#### Activity:
Word for word, repeat the lines of the records from the first line up to and including the line that contains "内側を刈り上げたすっきりショ", passing over any pictures.

Data extracted from a collection:

________

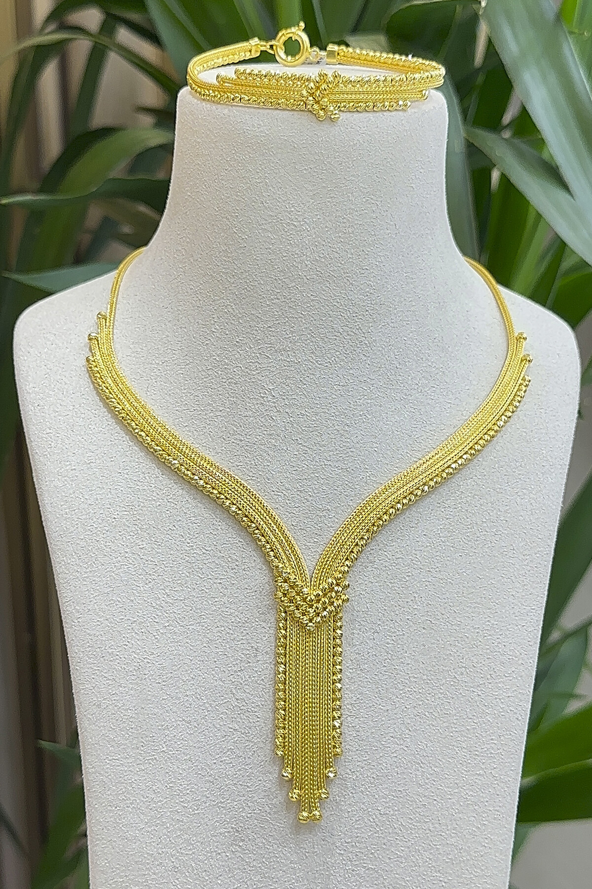 22 Ayar Altın 3 Sıralı Bilezik & 5 Sıralı Gerdanlık Trabzon Hasır Set
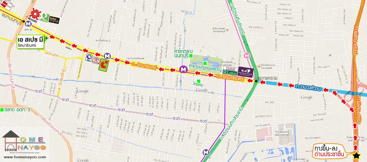 การเดินทาง ( ทางพิเศษศรีรัช (ด่านหัวลำโพง) > แจ้งวัฒนะ > งามวงศ์วาน > ทางพิเศษศรีรัช (ด่านประชาชื่น) > งามวงศ์วาน แคราย-สาธารณสุข > งามวงศ์วาน-แคราย > ถนนงามวงศ์วาน > แยกแคราย > ถนนรัตนาธิเบศร์ > A Space Me รัตนาธิเบศร์ )
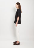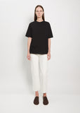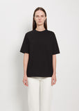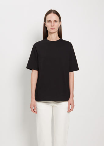 The Row black oversized short-sleeved tee in soft organic Pima cotton with boxy fit and signature center back detail.
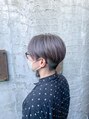 内側を刈り上げたすっきりショートスタイルです。カラーはブリーチしてからプラチナグレーで染めています。
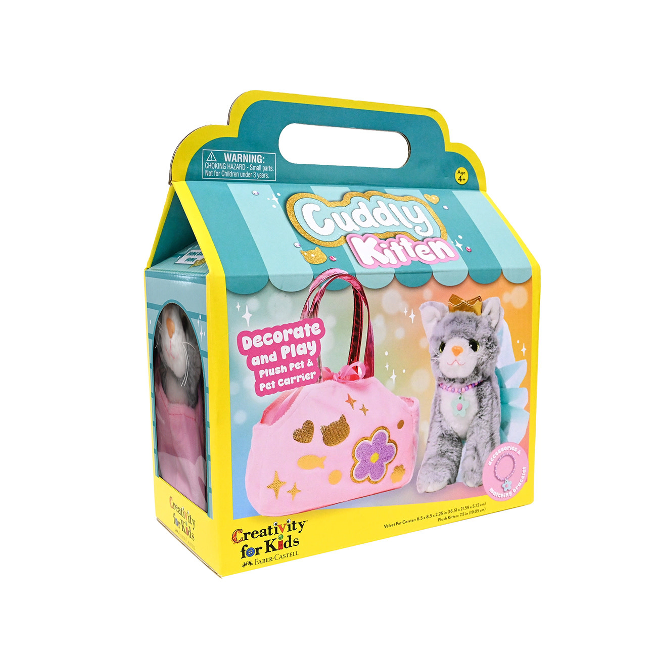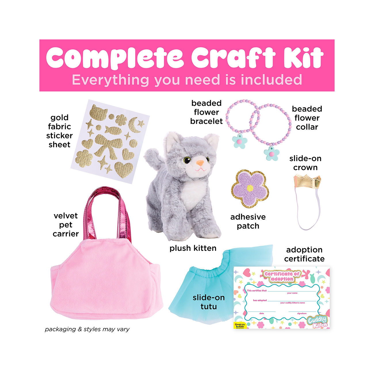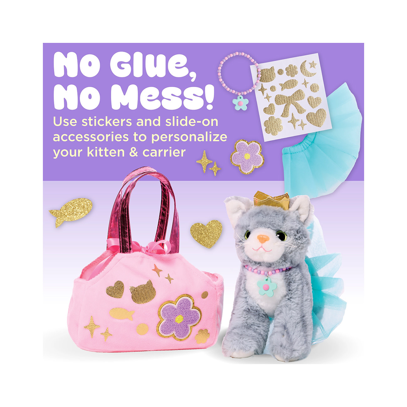 This cuddly kitten will be your purr-fect crafting companion. Decorate this plush kitten & velvety pet carrier with an array of adorable accessories including: ribbon & bell collar, metallic gold stickers, unicorn horn & butterfly wings. No glue, no mess!
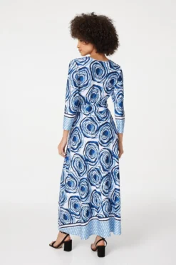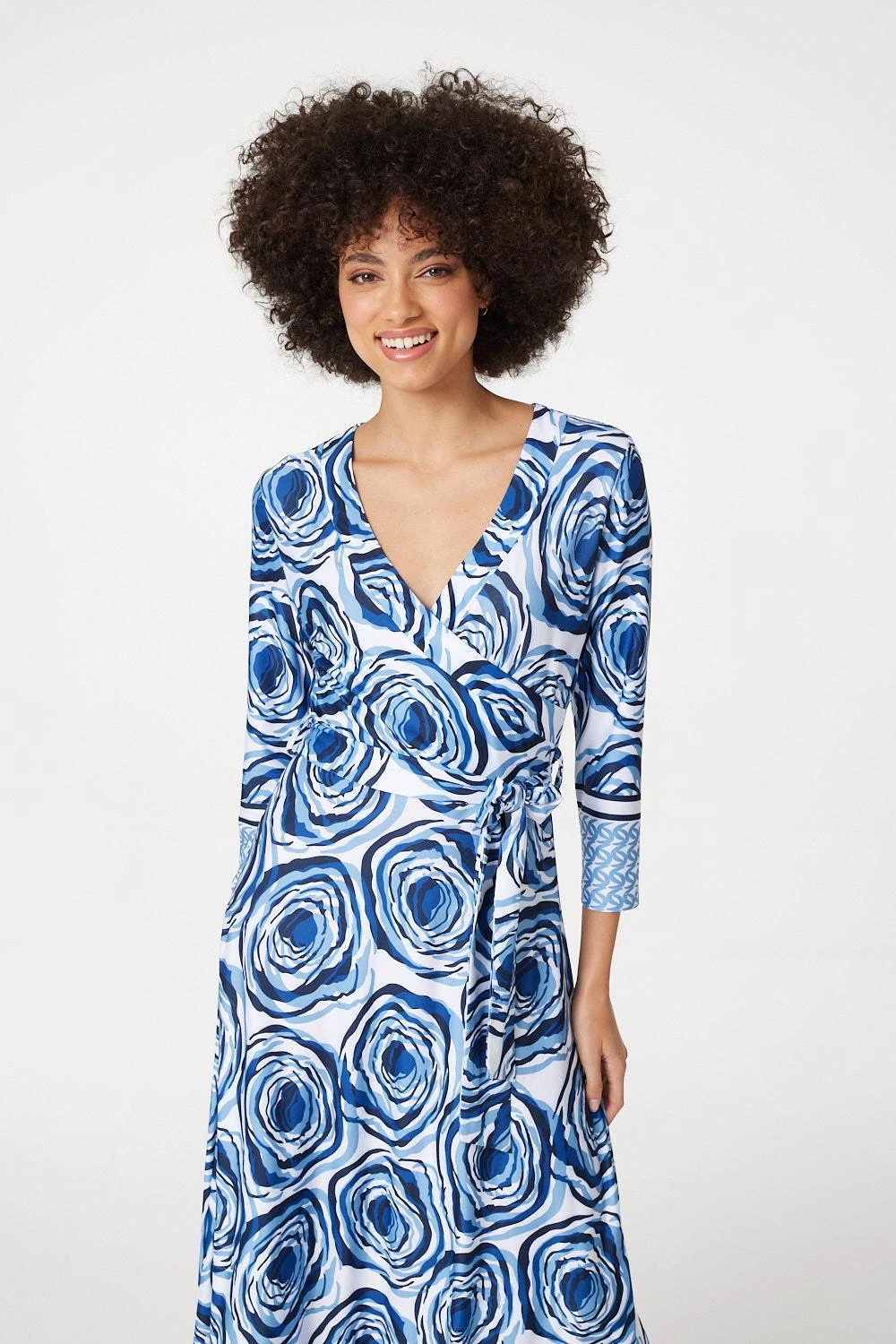 IZABEL LONDON | Add a statement print to your wardrobe with this abstract spotty print wrap dress. It has a v-neck, self-tie waist, 3/4 sleeves, and a maxi-length skirt. Pair with neutral heels or flats for a style that’s great for race day or brunch with the girls.

________

#### Problem solution:
 22 Ayar Altın 3 Sıralı Bilezik & 5 Sıralı Gerdanlık Trabzon Hasır Set
 การเดินทาง ( ทางพิเศษศรีรัช (ด่านหัวลำโพง) > แจ้งวัฒนะ > งามวงศ์วาน > ทางพิเศษศรีรัช (ด่านประชาชื่น) > งามวงศ์วาน แคราย-สาธารณสุข > งามวงศ์วาน-แคราย > ถนนงามวงศ์วาน > แยกแคราย > ถนนรัตนาธิเบศร์ > A Space Me รัตนาธิเบศร์ )
 The Row black oversized short-sleeved tee in soft organic Pima cotton with boxy fit and signature center back detail.
 内側を刈り上げたすっきりショートスタイルです。カラーはブリーチしてからプラチナグレーで染めています。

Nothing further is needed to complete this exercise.